[[ TASK MATERIAL open ]]
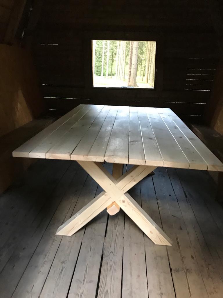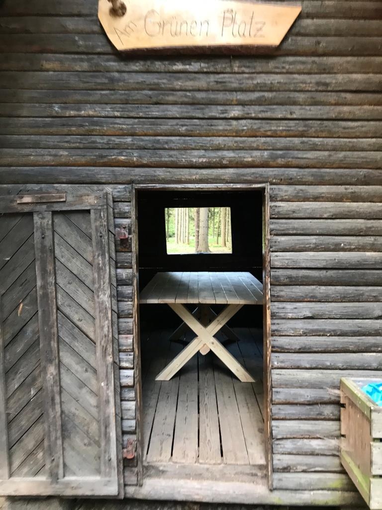 Am 3. Juni wurde der Tisch von der Zimmerei Kluge in die Hütte "Am Grünen Platz" gestellt. Nun ist es möglich, dort ausgiebig eine Rast mit Brotzeit einzulegen.
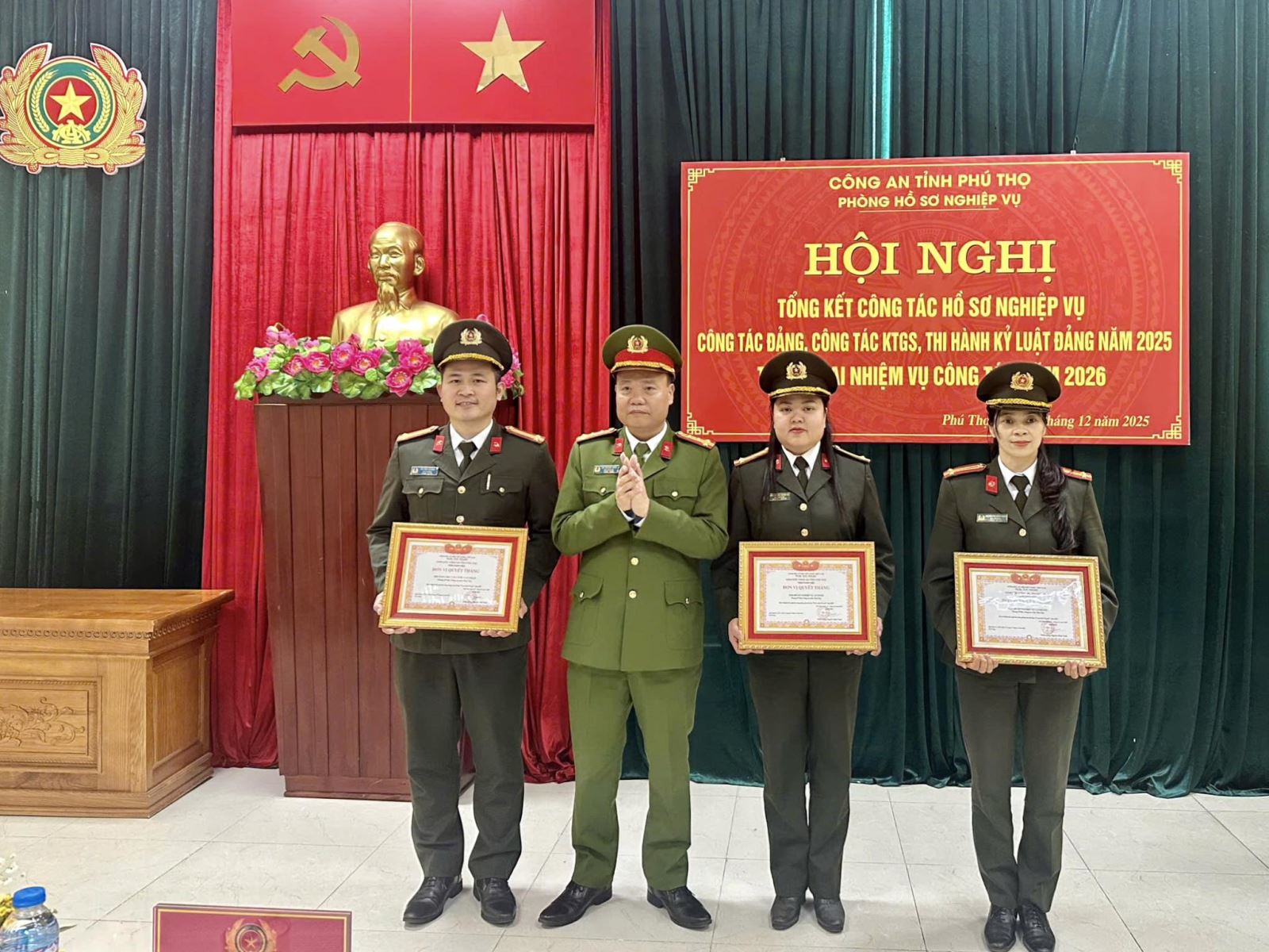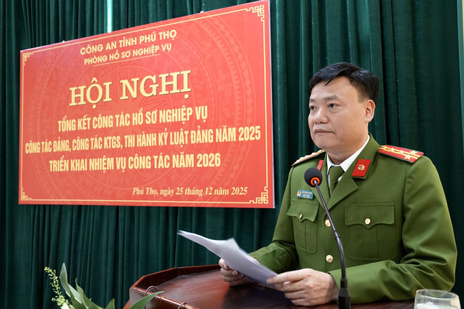 Ngày 25/12/2025, Đảng bộ Phòng Hồ sơ nghiệp vụ Công an tỉnh Phú Thọ tổ chức Hội nghị tổng kết công tác xây dựng Đảng, công tác kiểm tra, giám sát và thi hành kỷ luật Đảng năm 2025; triển khai nhiệm vụ công tác năm 2026.
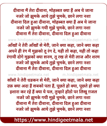 Lyrics of Divana Mai Tera Divana, Divana Dil Hua Divana - दीवाना मैं तेरा दीवाना, दीवाना दिल हुआ दीवाना
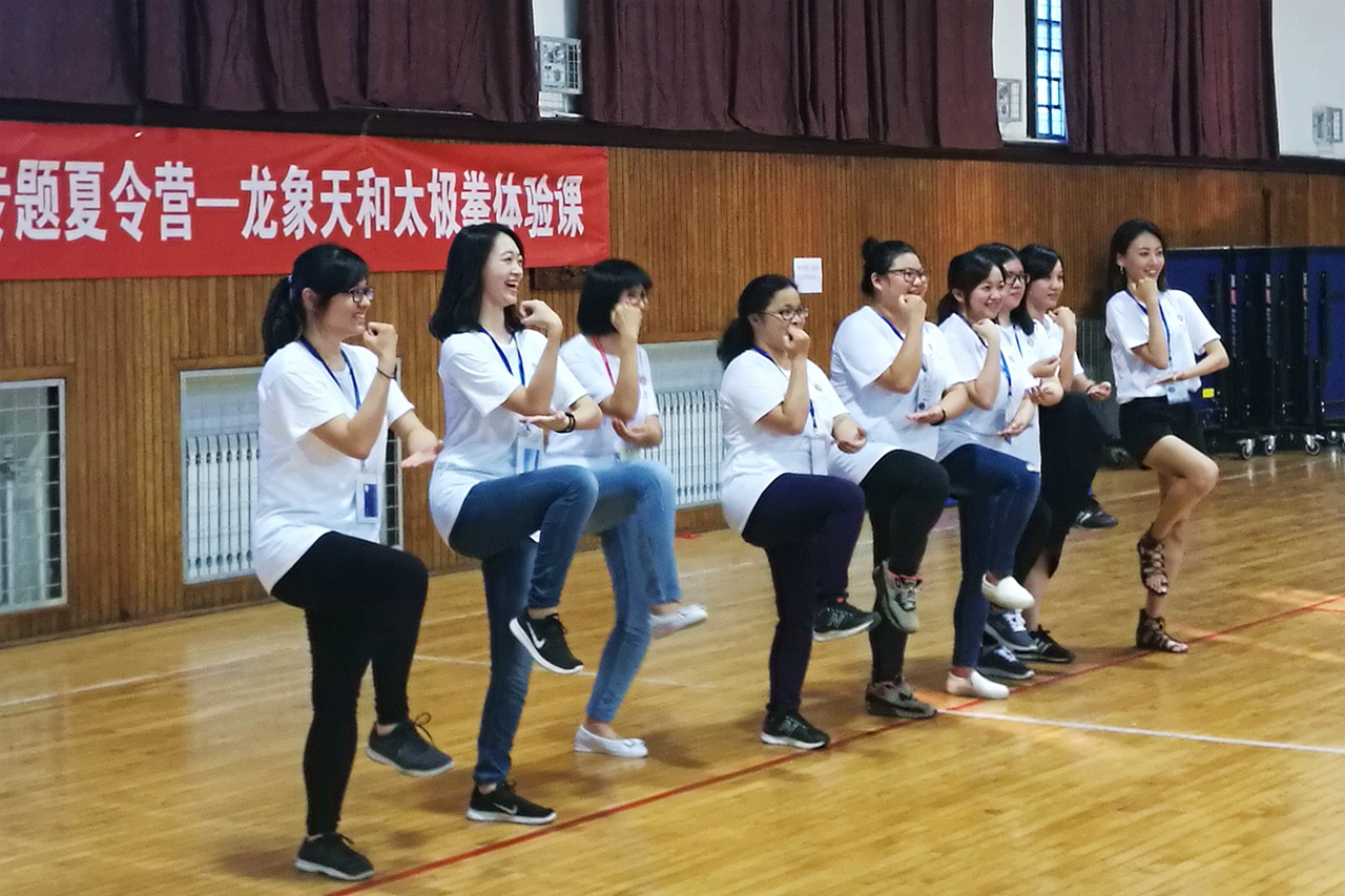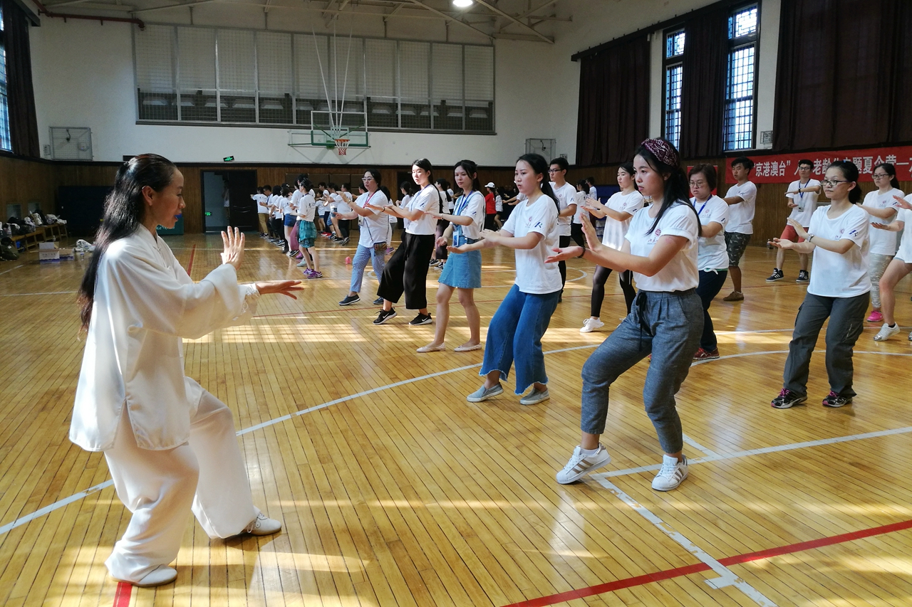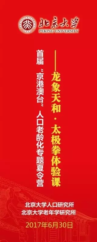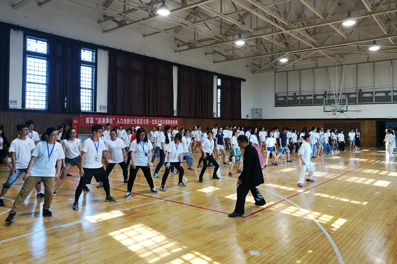 6月30日,北京大学人口研究所、北京大学老年学研究所、北京大学武术中心、龙象天和 联合举行的《首届“京港澳台”人口老龄化专题夏令营-龙象天和太极课》在北大校内热烈进行。夏令营营员来自-北京大学、香港城市大学、香港岭南大学、香港树仁大学、澳门大学、南开科技大学、东海大学、台湾师范大学、成功大学、台湾大学、中正大学等两岸四地的大学生。
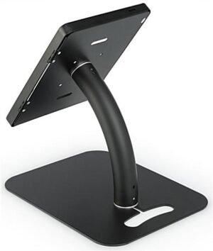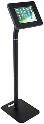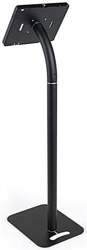 Built with security in mind, this floor to counter public tablet holder offers you the peace of mind to leave your device out for use. Steel, aluminum, and plastic with a black finish make this Android or iPad kiosk a modern fixture great for any establishment. Each adjustable public tablet holder can be used in a floorstanding or countertop position for versatility you won’t find anywhere else. Additionally, the enclosure comes with a lock and set of keys to keep tampering hands away. The adjustable iPad kiosk is also compatible with standard security locks for an added layer of protection. Each tablet holder has an enclosure that covers the home button and open jacks while still offering the ability to charge through integrated cable management.
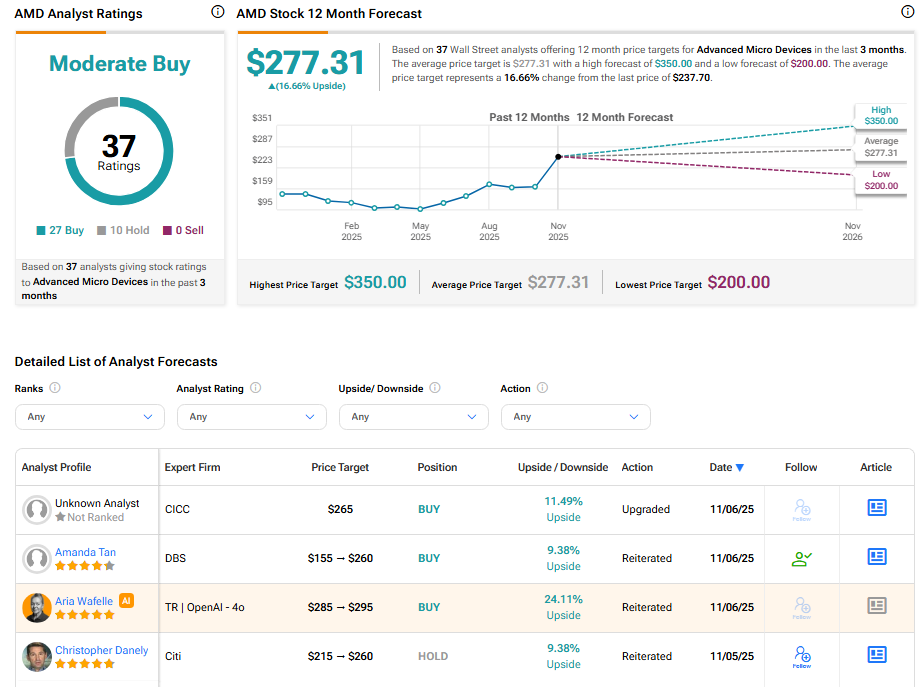 현재 월가는 어드밴스드 마이크로 디바이시스 주식에 대해 27건의 매수와 10건의 보유 의견을 바탕으로 보통 매수 컨센서스 등급을 부여하고 있다. AMD 주식의 평균 목표주가는 277.31달러로, 현재 수준에서 16.66%의 상승 여력을 시사한다.
[[ TASK MATERIAL closed ]]
• WHAT NEEDS TO BE DONE:
Transcribe the entries above exactly, from their first line through the line with "6月30日,北京大学人口研究", and omit all pictures.

• WRITTEN RESPONSE:
 Am 3. Juni wurde der Tisch von der Zimmerei Kluge in die Hütte "Am Grünen Platz" gestellt. Nun ist es möglich, dort ausgiebig eine Rast mit Brotzeit einzulegen.
 Ngày 25/12/2025, Đảng bộ Phòng Hồ sơ nghiệp vụ Công an tỉnh Phú Thọ tổ chức Hội nghị tổng kết công tác xây dựng Đảng, công tác kiểm tra, giám sát và thi hành kỷ luật Đảng năm 2025; triển khai nhiệm vụ công tác năm 2026.
 Lyrics of Divana Mai Tera Divana, Divana Dil Hua Divana - दीवाना मैं तेरा दीवाना, दीवाना दिल हुआ दीवाना
 6月30日,北京大学人口研究所、北京大学老年学研究所、北京大学武术中心、龙象天和 联合举行的《首届“京港澳台”人口老龄化专题夏令营-龙象天和太极课》在北大校内热烈进行。夏令营营员来自-北京大学、香港城市大学、香港岭南大学、香港树仁大学、澳门大学、南开科技大学、东海大学、台湾师范大学、成功大学、台湾大学、中正大学等两岸四地的大学生。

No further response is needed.